業務委託契約で仕事をする人は、「個人事業主」や「フリーランス」「自営業」などさまざまな呼び方があり、ケース・文脈によって異なります。ここでは、「業務委託」「個人事業主」「自営業」それぞれの定義と違いを解説します。
そもそも業務委託とは
業務委託とは、ある企業・個人(委託者)が、自らの業務の一部または全部を他の企業・個人(受託者)に委託することです。業務委託契約は大きく分けて「請負契約」と「委任契約」の2種類があります。詳しくは「業務委託の種類」の項目で解説します。
業務委託は単に契約形態を指すもので、業務委託契約を結んでいるからといって必ず「個人事業主」や「フリーランス」が受託するとは限りません。例えばA社が特定のプロジェクトのために、B社に専門的な業務を委託する場合、企業同士のやり取りではありますが業務委託として分類されます。
業務委託と個人事業主の関係
個人事業主とは、税務上の区分であり、税務署に個人事業主として開業届けを提出した人を指します。自らのスキルや資源を活かして、独立して事業を運営する人です。「フリーランス」「自営業」の言葉にさまざまな解釈があるのに対して、個人事業主は定義が明確となっています。
個人事業主は、クライアントから業務委託で仕事を受けることをメイン事業とする人が多いとされています。そのため、「業務委託で働く個人事業主が多い」のは事実です。
ただし個人事業主のなかには、業務委託以外の仕事で生計を立てている人もいます。例えば個人商店などの小売店や、食堂・喫茶店などの飲食店を経営している人も、法人化していない限りは個人事業主という分類です。
なお補足として、業務委託で働いていても、個人事業主の開業届を出していなければ個人事業主には該当しません。
業務委託と自営業の関係
自営業は、店舗の経営者や士業など、自ら事業を展開する人やその取り組み自体を指します。個人事業主とほとんど同義で用いられることもありますが、自営業は税法上の区分ではないため、実際は定義があいまいです。
なお、先ほど例として挙げた、開業届を提出済みの小売店・飲食店の経営者は、個人事業主であり自営業でもあります。

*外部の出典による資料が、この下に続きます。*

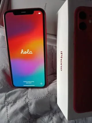 Telefono cellulare iPhone 11 in colore rosso, presentato nella sua scatola originale. Include il telefono e la sua scatola. Non include il caricatore.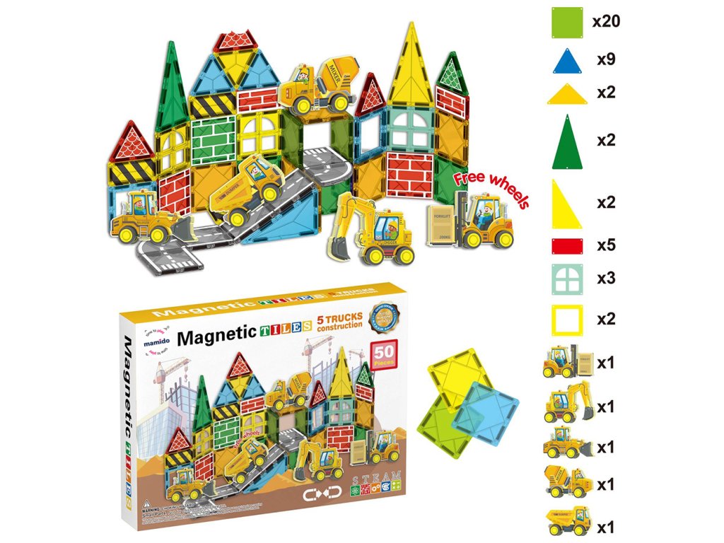 Vydej se do světa dopravy a stavebnictví s originální magnetickou stavebnicí, která se skládá ze 50 dílů. Děti si mohou postavit celé město s cestami, značkami, budovami i vozidly. Barevné magnetické dílky se snadno spojují a umožňují tvořit nekonečné kombinace od jednoduchých staveb až po propracované dopravní scény. Součástí sady jsou také autíčka s podvozkem na kolečkách, dopravní značky, jeřáb a další doplňky, díky nimž hra získává realistický nádech.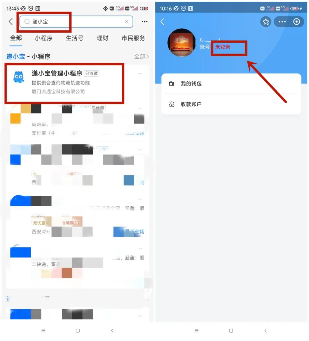 1、打开支付宝搜索“递小宝”小程序,进入应用后,登陆递小宝(或快递猫通用版)账号;

上記のケースに加えて、社長一人の法人でも自営業と呼ぶ場合もあります。自営業は人だけではなく、自ら事業を営むことの総称なので、定義の範囲も比較的広いと考えてよいでしょう。
業務委託とフリーランスの関係
フリーランスとは、特定の企業・組織に所属せず、自身の専門スキル・知識を使ってクライアントにサービスを提供する人(もしくは働き方)です。それぞれ意味は異なりますが、フリーランスの人は個人事業主・自営業として活動していることが多いとされています。
フリーランスは、業務委託で収入を得るのが基本です。この点は、業務委託以外でも生計を立てているケースがある個人事業主・自営業と異なります。フリーランスエンジニアやフリーランスデザイナーなどをイメージすると分かりやすいかもしれません。
フリーランスのなかには、法人を設立して活動する人もいます。法人化した後であっても、業務委託で収入を得るパターンが多く、両者の関係は密接といえるでしょう。
個人事業主が締結する業務委託契約の種類
個人事業主が締結する業務委託契約の種類は、以下の2つです。
- 請負契約
- 委任契約・準委任契約
両者は全く異なる形態なので、違いをよく理解しておくのが重要です。それぞれの定義や違いを解説します。
請負契約
業務委託の請負契約は、委託された側(請負人)が発注者に業務の遂行を約束し、その成果物に対して報酬が支払われる契約です。請負契約では、請負人は発注者の指揮監督下で作業を行うわけではなく、独立して作業を進めます。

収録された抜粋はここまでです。